Elon Musk's $56 billion Tesla compensation package voided by judge

Company News

by Glenn Dyer


The chances of Elon Musk getting billions of dollars in shares to gain control of Tesla have suffered a significant setback. A judge in Delaware voided his extravagant $56 billion compensation package from the company.

"Plaintiff is entitled to rescission," Judge Kathaleen McCormick declared in her ruling, instructing the parties to collaborate on a final order to enforce her decision.

The court's opinion instructed Tesla shareholder Richard Tornetta, who challenged the pay plan, to work with Elon Musk's legal team to implement the judge's decision.

This ruling can be appealed to the Delaware Supreme Court.

Tesla's 2018 agreement with Musk is the largest compensation deal ever for an executive and constitutes a significant portion of his immense fortune, one of the world's largest.

The plaintiff also argued that the board had a duty to offer a smaller pay package or seek another CEO, insisting that Musk should have been required to work full-time at Tesla instead of pursuing other projects.

This ruling makes it much harder for the Tesla board to yield to Musk's demands, made in mid-January on Twitter, for more shares.

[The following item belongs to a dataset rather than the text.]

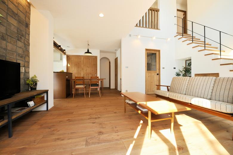 ห้องโถงหลักของบ้าน มีพื้นที่ใช้สอยขนาดใหญ่ จึงเชื่อมต่อกับพื้นที่หลาย ๆ ส่วนของบ้าน อย่างบริเวณนี้จะเป็นห้องนั่งเล่นที่เชื่อมไปยังพื้นที่โต๊ะรับประทานอาหารและห้องครัว
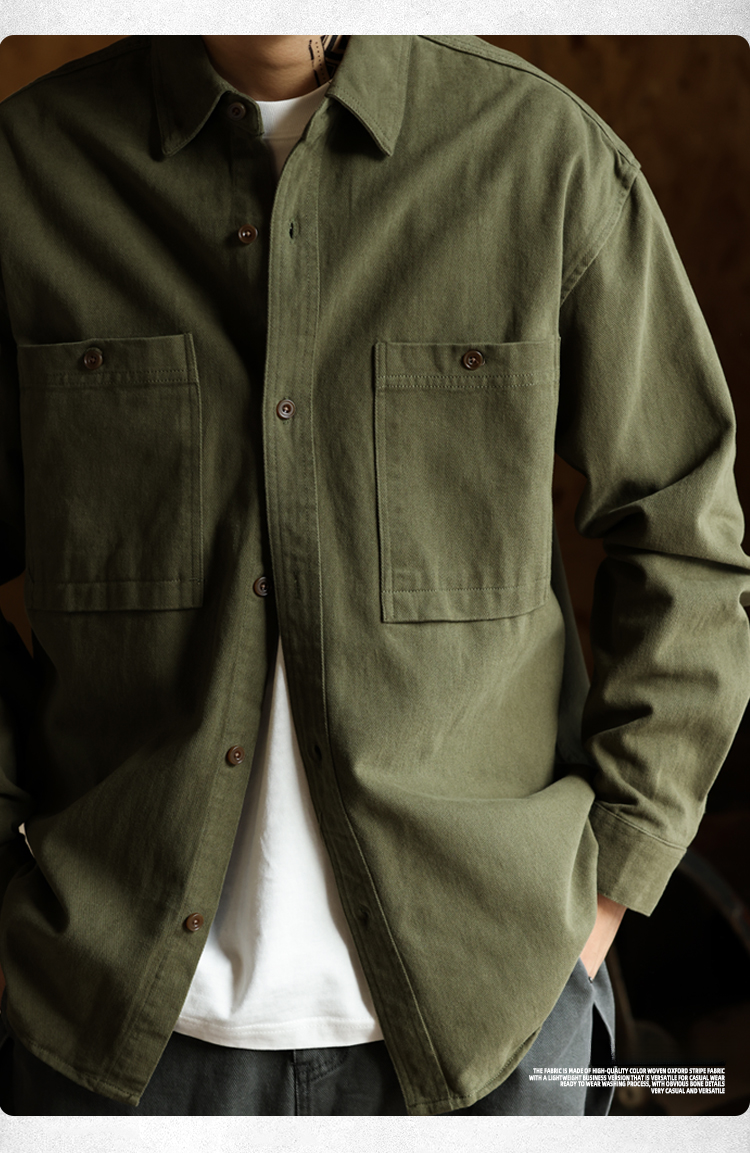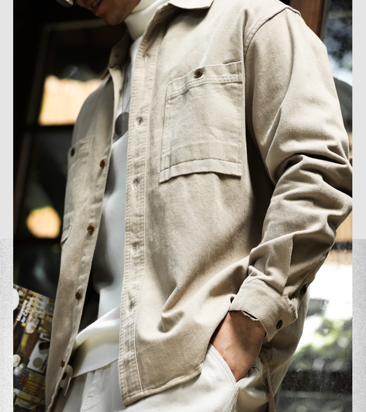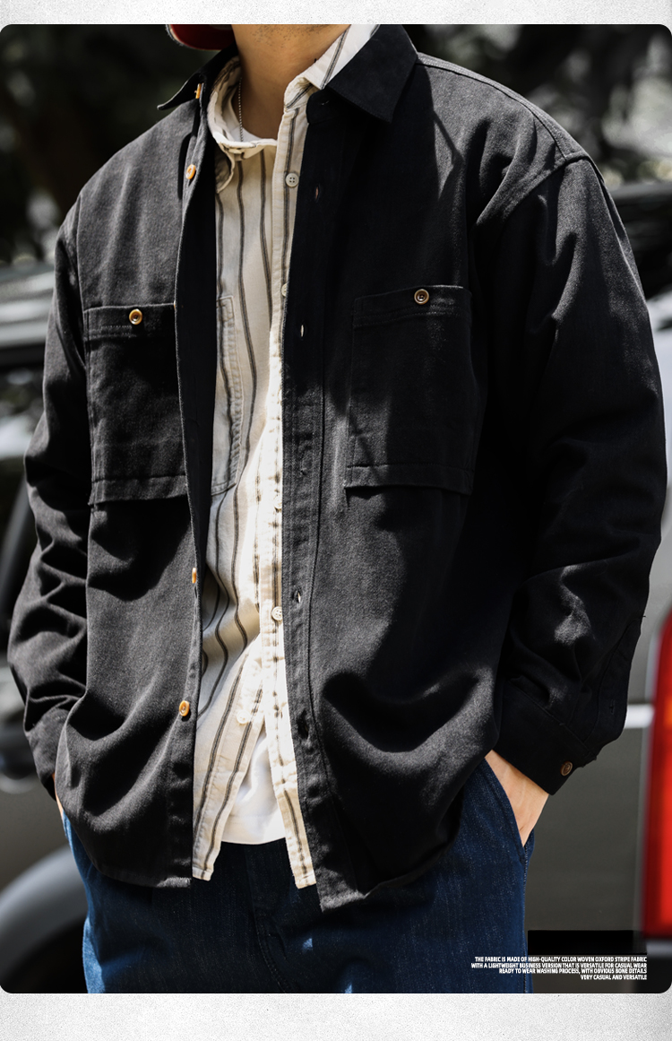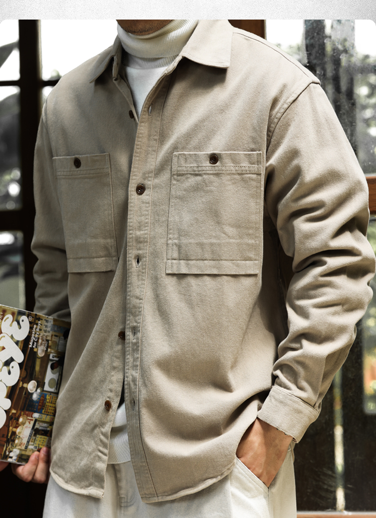 美德拉復古色系長袖襯衫男水洗純棉疊穿外搭日系襯衣外套秋

In a series of posts, he argued that he would not want to lead Tesla in artificial intelligence and robotics without a compensation plan that grants him around 25% ownership of the company's stock, nearly double his current 13% stake.

"I am uncomfortable growing Tesla to be a leader in AI & robotics without having ~25% voting control. Enough to be influential, but not so much that I can't be overturned," Musk wrote in a post on Twitter. "Unless that is the case, I would prefer to build products outside of Tesla."

However, Musk has pledged at least half of his shares (reportedly worth $90 billion) as security for the loss-making $44 billion takeover of Twitter and to fund his rocket company, tunneling company, AI, and other ventures.

His demand has weakened Tesla's share price, which is set to close January down more than 20%, influenced by a weak 2023 profit and revenue, along with a warning of slower sales growth in 2024.

During the trial, which began in November 2022 and concluded a year ago, Musk testified that the money would be used to finance interplanetary travel. "It's a way to get humanity to Mars," he testified. "So Tesla can assist in potentially achieving that."

The compensation package includes stock option awards, allowing Musk to purchase Tesla stock at heavily discounted prices as specific financial and operational goals are met. He must hold the acquired stock for five years.

Musk successfully met all 12 tranches or performance targets outlined in the plan and was not guaranteed any salary.

Tesla's value skyrocketed briefly to over $1 trillion in 2021 from $50 billion when the package was negotiated. However, Tesla's market value at Tuesday's close was $600 billion before the news broke, causing shares to fall another 4.5%.

CNN highlighted that the Tesla board has faced criticism before. In July, Tesla's directors agreed to return $735 million to the company to settle shareholder allegations from a separate lawsuit filed in 2020, which claimed they had overpaid themselves. The lawsuit challenged options granted to directors starting in June 2017.

Glenn Dyer

Glenn Dyer has been a finance journalist and TV producer for more than 40 years. He has worked at Maxwell Newton Publications, Queensland Newspapers, AAP, The Australian Financial Review, The Nine Network and Crikey.